==== Records for this task

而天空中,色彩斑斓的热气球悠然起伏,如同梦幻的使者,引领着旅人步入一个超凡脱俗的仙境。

========
==== Records for this task

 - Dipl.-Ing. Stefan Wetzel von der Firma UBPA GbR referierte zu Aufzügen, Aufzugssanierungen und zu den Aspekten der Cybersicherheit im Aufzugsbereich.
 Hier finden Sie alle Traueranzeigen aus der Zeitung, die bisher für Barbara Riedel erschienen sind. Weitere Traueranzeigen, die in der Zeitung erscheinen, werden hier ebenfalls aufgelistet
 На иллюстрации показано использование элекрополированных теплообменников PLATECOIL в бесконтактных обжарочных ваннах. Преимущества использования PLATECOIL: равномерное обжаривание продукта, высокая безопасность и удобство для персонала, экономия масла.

========

- _Instructions to follow_
Output the material above exactly, but only from the line that carries "Hier finden Sie" through the line that carries "На иллюстрации показано".

- _Final answer_
 Hier finden Sie alle Traueranzeigen aus der Zeitung, die bisher für Barbara Riedel erschienen sind. Weitere Traueranzeigen, die in der Zeitung erscheinen, werden hier ebenfalls aufgelistet
 На иллюстрации показано использование элекрополированных теплообменников PLATECOIL в бесконтактных обжарочных ваннах. Преимущества использования PLATECOIL: равномерное обжаривание продукта, высокая безопасность и удобство для персонала, экономия масла.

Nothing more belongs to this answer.